With regard to the three things survivors would want to see, I will have to go back to what they have expressed. The overriding issue is the use of the duration of stay of children as a criterion for the medical card. Many of the medical issues that arose for women happened at the point of birth. As has been explained to us today, the impact on children starts prior to birth. This is the primary issue. The survivors also expressed the harm that would be done if different groups were identified groups over others. This would be divisive to their community. They took great solidarity from being together in the consultations. Solidarity among the survivor community is very important to them. This is another reason the six-month cut-off is very problematic. It is divisive and could be damaging in this way.

Trauma-informed counselling is another issue. It was referred to again and again as one of the overriding needs that survivors requested. The HSE counselling service was not designed to work with trauma at this level. The focus on having trauma-trained staff and an informed process in the administration was deemed to be equally as important in this respect.

The other item I would speak about is providing emotional support and administrative support to applicants by way of a personal advocate or personal case worker. Many of the survivors have simply expressed a need for this type of assistance in going through the bureaucratic application process. Although it will be simple, nonetheless they need emotional supports.

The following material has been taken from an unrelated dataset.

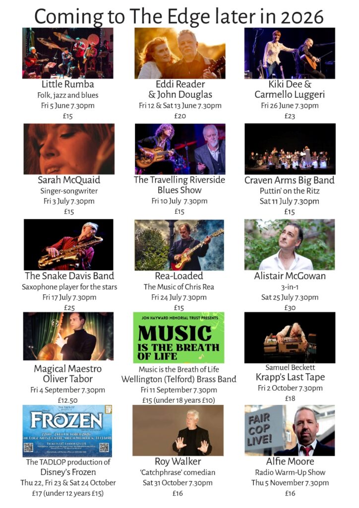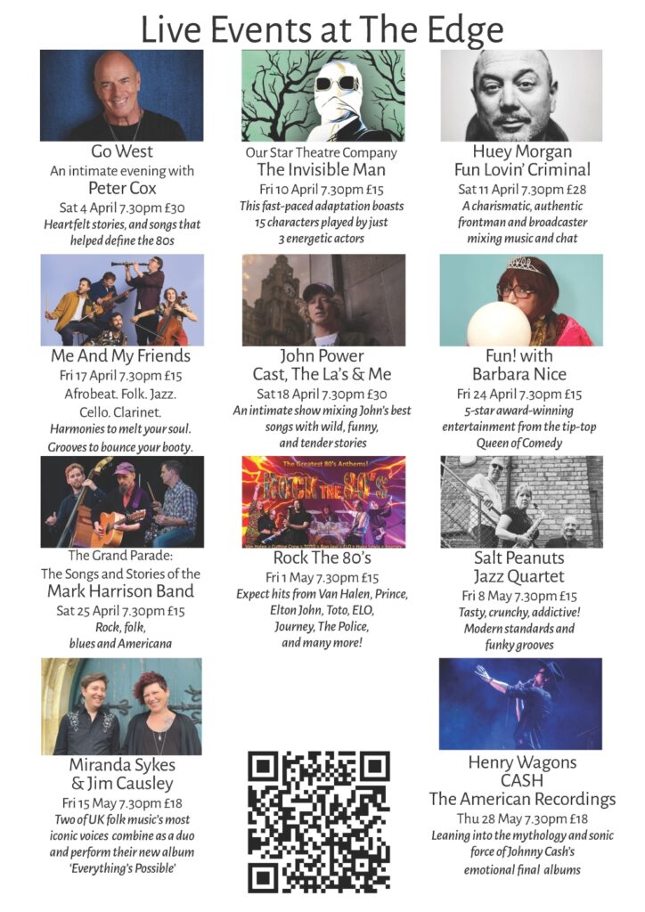 April - May 2026 brochure DOWNLOAD A COPY HERE Pick up your copy at our next event! Tickets available now at www.ticketsource.co.uk/edgeartscentre

Paragraph 2.6 of the document submitted by Oak Conflict Dynamics states survivors stressed the importance of religious orders contributing financially.

Ms Mary Lou O'Kennedy

It comes back to accountability. Under a human rights approach it is very important that survivors are heard and once they are heard that accountability is given by those who are accountable. It would be a demonstration of the accountability of the religious orders.

Dr. Sara O'Byrne

We cannot press pause on people's development. The issues are live and happening as a result of earlier experiences. There is also intergenerational trauma and the impact of trauma across generations. This has been well-researched and it is known that if trauma is not repaired within a generation it has an opportunity to influence the next. It is certainly advisable and welcome that family members are included in this regard.

With regard to trauma-informed supports and interventions there are well-established principles on how to include survivors in the design of schemes. There should be a range of therapeutic options that fit the person's experience. Talking therapy will not be an option and will not be suitable for all survivors. In the scheme we will need approaches that are somatic or body-oriented in their approach. This is with regard to repairing the early trauma I spoke about. Having a range of options included in the schemes is advisable with regard to counselling.

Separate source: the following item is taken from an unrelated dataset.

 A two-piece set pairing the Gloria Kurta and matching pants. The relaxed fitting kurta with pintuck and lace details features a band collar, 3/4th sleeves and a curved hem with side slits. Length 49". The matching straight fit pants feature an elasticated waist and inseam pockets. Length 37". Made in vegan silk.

I was also going to ask about trauma-informed supports. Part of the difficulty is that when people contact us as Deputies and Senators we direct them to the national helpline. I know there is no waiting time for those who are survivors of mother and baby institutions but often people will not engage in the process because they know it will not be of much benefit. It is a missed opportunity when people do want to reach out and go for counselling if this is the only service that is there. Do the witnesses want to say any more on this?

Will the representatives from Oak Conflict Dynamics speak about the consultations they have had on the medical card? We have spoken about this on a number of occasions. In the previous session I said many women, particularly because of how they were left to give birth in horrific circumstances, have had medical issues for their whole lives. I fear the enhanced medical card will not be what people think it will be if they are to join a public waiting system that is creaking at the seams. What feedback did the witnesses get on this? For many of the women I have come across it is a key issue.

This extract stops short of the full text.